Vegetation cover, as used in this study, serves as a broad indicator of soil development within these catchments, where accumulation of soil material allows for vegetation expansion (Hagedorn et al., 2019; Henne et al., 2011). The use of vegetation cover as a proxy for soil development following deglaciation is accurate in early successional stages (Klaar et al., 2014), which is true of the catchments in this work. The development of soil, as indicated by increasing vegetation cover, can increase the pool of organic carbon in glacier forelands (Wietrzyk-Pełka et al., 2020; Dümig et al., 2011; Egli et al., 2010), which can then be a source or organic carbon to the proglacial stream (Zah and Uehlinger, 2001).
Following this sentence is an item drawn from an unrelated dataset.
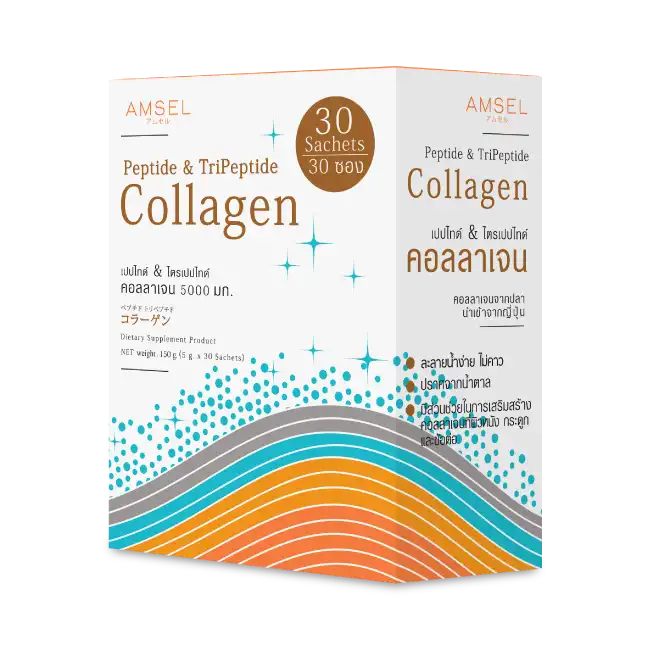 Amsel Peptide & Tri Peptide Collagen 5,000 mg. ผลิตภัณฑ์เสริมอาหารที่รวมคอลลาเจนคุณภาพสูง 3 ชนิด ได้แก่ Nippi Collagen Peptide จากประเทศญี่ปุ่น ที่ผ่านกระบวนการไฮโดรไลซ์ให้มีโมเลกุลขนาดเล็ก ช่วยให้ร่างกายดูดซึมได้ดี คอลลาเจนไตรเปปไทด์ที่ผ่านการย่อยด้วยเอนไซม์ และไฮโดรไลซ์คอลลาเจน ผสานกับไฮยาลูรอนิก แอซิด เพื่อเสริมการดูแลความชุ่มชื้นและความยืดหยุ่นของผิว พร้อมสนับสนุนสุขภาพข้อต่อและกระดูกอย่างสมดุล ผลิตภัณฑ์อยู่ในรูปแบบผง ใส ไม่มีสี ไม่มีกลิ่น สามารถผสมกับเครื่องดื่ม อาหาร หรือขนมหวานได้ตามต้องการ เหมาะสำหรับผู้ที่ใส่ใจการดูแลสุขภาพผิวและข้อต่อในชีวิตประจำวัน

For example, in glacier-fed streams in Canada, the stream DOC concentration increased with catchment soil development (slope ≈ 0.2 mg C L−1 per percentage of catchment area covered by soil; Lafrenière and Sharp, 2004), similar to our relationship with vegetation (slope = 0.05 mg C L−1 per percentage of catchment area covered by vegetation). Either of these metrics, vegetation or soil, is indicative of significant catchment change with implications for terrestrial–aquatic carbon transfers.
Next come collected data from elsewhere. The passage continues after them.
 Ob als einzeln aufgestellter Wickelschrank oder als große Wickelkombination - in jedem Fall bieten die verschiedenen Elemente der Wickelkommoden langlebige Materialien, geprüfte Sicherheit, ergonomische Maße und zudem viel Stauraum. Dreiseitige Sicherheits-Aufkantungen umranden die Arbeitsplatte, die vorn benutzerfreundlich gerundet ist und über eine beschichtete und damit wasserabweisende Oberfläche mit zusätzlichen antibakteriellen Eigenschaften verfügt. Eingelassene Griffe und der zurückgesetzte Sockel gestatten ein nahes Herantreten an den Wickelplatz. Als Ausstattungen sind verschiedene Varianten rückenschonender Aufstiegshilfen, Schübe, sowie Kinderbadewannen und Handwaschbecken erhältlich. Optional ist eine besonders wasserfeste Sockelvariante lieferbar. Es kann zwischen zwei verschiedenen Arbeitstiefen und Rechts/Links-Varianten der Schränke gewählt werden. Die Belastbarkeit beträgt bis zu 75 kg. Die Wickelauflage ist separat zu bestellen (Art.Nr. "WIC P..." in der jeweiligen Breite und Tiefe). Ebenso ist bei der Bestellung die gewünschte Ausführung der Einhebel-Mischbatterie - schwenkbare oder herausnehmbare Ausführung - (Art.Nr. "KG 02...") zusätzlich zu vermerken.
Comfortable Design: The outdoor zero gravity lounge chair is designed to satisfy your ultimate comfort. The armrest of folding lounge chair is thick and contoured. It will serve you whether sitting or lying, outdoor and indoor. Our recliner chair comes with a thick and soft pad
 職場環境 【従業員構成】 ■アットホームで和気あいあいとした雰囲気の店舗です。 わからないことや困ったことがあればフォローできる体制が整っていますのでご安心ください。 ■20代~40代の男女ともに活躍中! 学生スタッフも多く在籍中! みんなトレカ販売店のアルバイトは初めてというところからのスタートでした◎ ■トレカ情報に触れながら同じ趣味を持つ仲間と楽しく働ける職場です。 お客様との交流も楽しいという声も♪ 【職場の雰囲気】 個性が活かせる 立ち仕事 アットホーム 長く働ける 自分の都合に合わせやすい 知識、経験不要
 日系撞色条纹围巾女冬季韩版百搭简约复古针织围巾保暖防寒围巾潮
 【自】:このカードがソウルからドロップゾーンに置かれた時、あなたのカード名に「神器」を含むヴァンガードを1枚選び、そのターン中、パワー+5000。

Considering the greening of the terrestrial environment in the Alps (Rumpf et al., 2022), it follows that the streams draining these landscapes may be expected to experience an increase in the DOC concentration of terrestrial origin. Our results support this hypothesis, in which stream DOC concentration and the humic-like components likely of allochthonous origin increase with catchment vegetation cover. These changes have potentially important implications for these streams as well as their downstream ecosystems, such as altering metabolic regimes by promoting heterotrophy (Hall et al., 2016), limiting primary productivity (Kritzberg et al., 2019), and causing higher drinking water production costs (Hongve et al., 2004). Even while relatively low in concentration, the foundational physical, biochemical, and ecological nature of DOC within streams magnifies the impact of these changes in DOC concentration and highlights the substantial consequences of vegetation expansion following glacial retreat.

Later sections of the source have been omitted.